SURABAYA – analisapublik.id | Arus balik Lebaran 2026 tidak hanya memicu lonjakan mobilitas kendaraan, tetapi juga menjadi fase krusial bagi dinamika urbanisasi di kota-kota besar. Pemerintah Kota Surabaya merespons fenomena ini dengan menyiapkan operasi yustisi sebagai instrumen pengawasan terhadap pendatang baru yang masuk ke wilayahnya.
Kebijakan ini menempatkan Surabaya pada posisi strategis dalam mengelola arus urbanisasi yang setiap tahun meningkat pasca Lebaran. Melalui koordinasi lintas perangkat daerah hingga tingkat RT/RW, pemerintah berupaya memastikan bahwa setiap pendatang yang masuk memiliki kejelasan identitas, tempat tinggal, serta sumber penghasilan.
Wali Kota Surabaya, Eri Cahyadi, menegaskan bahwa pengawasan ini bukan tanpa alasan. Menurutnya, urbanisasi yang tidak terkontrol berpotensi memicu peningkatan Penyandang Masalah Kesejahteraan Sosial (PMKS), termasuk gelandangan dan pengemis, serta berisiko terhadap stabilitas keamanan kota.
“Setiap pendatang akan dipantau, termasuk pekerjaan dan sumber penghasilannya. Jika tidak memiliki kejelasan, tentu akan menjadi pertimbangan,” ujar Eri dalam keterangannya.
Langkah ini secara substantif mencerminkan pendekatan preventif pemerintah dalam menekan dampak sosial urbanisasi. Dengan kata lain, kebijakan tidak hanya berfokus pada pengendalian arus masuk, tetapi juga pada kualitas pendatang yang datang ke Surabaya.
Dari sisi implementasi, operasi yustisi akan melibatkan unsur kelurahan, kecamatan, hingga aparat penegak perda. Pendatang akan melalui proses pemeriksaan administrasi, verifikasi tempat tinggal, serta validasi pekerjaan yang dimiliki. Bahkan, koordinasi lintas daerah turut dilakukan untuk memastikan kebenaran informasi yang disampaikan.
Asisten Pemerintahan dan Kesejahteraan Rakyat, M. Fikser, menegaskan bahwa Surabaya tetap membuka diri bagi siapa pun yang ingin mencari penghidupan. Namun, ia menekankan pentingnya kesiapan individu, baik dari sisi keterampilan maupun tujuan yang jelas saat datang ke kota besar.

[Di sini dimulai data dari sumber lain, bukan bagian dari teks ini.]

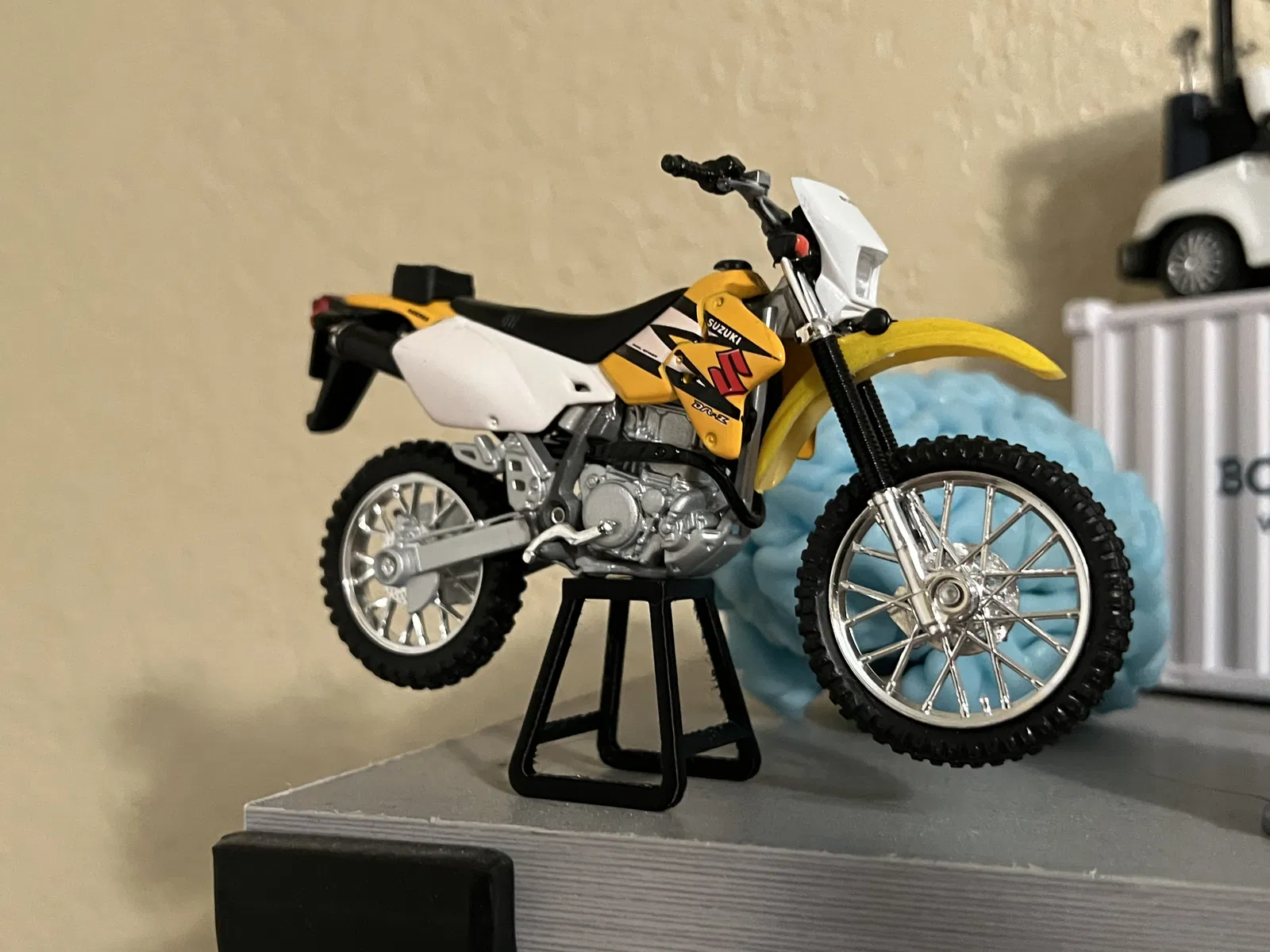 Chân đế giữa cho xe mô tô đồ chơi. Có thể in úp hoặc ngửa, với hai tùy chọn chiều cao 26mm và 20mm để phù hợp với nhiều tỉ lệ khác nhau. Lưu ý: mô hình này chỉ để trưng bày, không dùng để chơi đùa vì các chân khá mỏng và dễ gãy.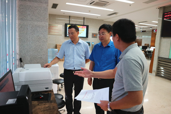 8月15日,省食品药品监督管理局正式上线食品药品许可电子证照系统,扫除无纸化审批发证的“最后一道关口”,真正实现“网上申报、网上受理、网上审评、网上审批、网上制证”,做到行政许可全程“零纸张”、申请人办事全程“零跑动”,足不出户即可申办许可证件。省局副局长严振带领行政许可处负责同志到受理大厅进行视察指导。

Di sisi lain, Kepala Satpol PP Surabaya, Achmad Zaini, menyoroti fenomena pendatang yang datang dengan janji pekerjaan yang tidak pasti. Kondisi ini dinilai berpotensi menempatkan pendatang dalam situasi rentan sekaligus menambah beban sosial kota.
Dalam perspektif kebijakan publik, langkah ini dapat dipahami sebagai bentuk pengendalian urbanisasi berbasis selektivitas. Pemerintah berupaya menjaga keseimbangan antara keterbukaan kota dan kebutuhan menjaga ketertiban sosial.
Namun demikian, pendekatan ini juga membuka ruang diskursus yang lebih luas. Urbanisasi merupakan fenomena struktural yang tidak bisa sepenuhnya dibatasi melalui pendekatan administratif semata. Ketika indikator seperti pekerjaan dijadikan parameter utama, muncul pertanyaan mengenai batas intervensi pemerintah terhadap mobilitas warga negara.
Momentum Lebaran 2026 seharusnya menjadi refleksi bahwa pengelolaan urbanisasi memerlukan strategi yang lebih komprehensif. Tidak hanya melalui pengawasan, tetapi juga melalui penguatan ekonomi daerah asal, penciptaan lapangan kerja, serta peningkatan kualitas sumber daya manusia.
Pada akhirnya, kebijakan ini menunjukkan bahwa Surabaya tengah menguji model pengendalian urbanisasi yang lebih terstruktur. Tantangannya adalah memastikan bahwa kebijakan tersebut tidak hanya efektif menjaga ketertiban, tetapi juga tetap menjunjung prinsip inklusivitas sebagai kota yang terbuka bagi peluang dan harapan baru.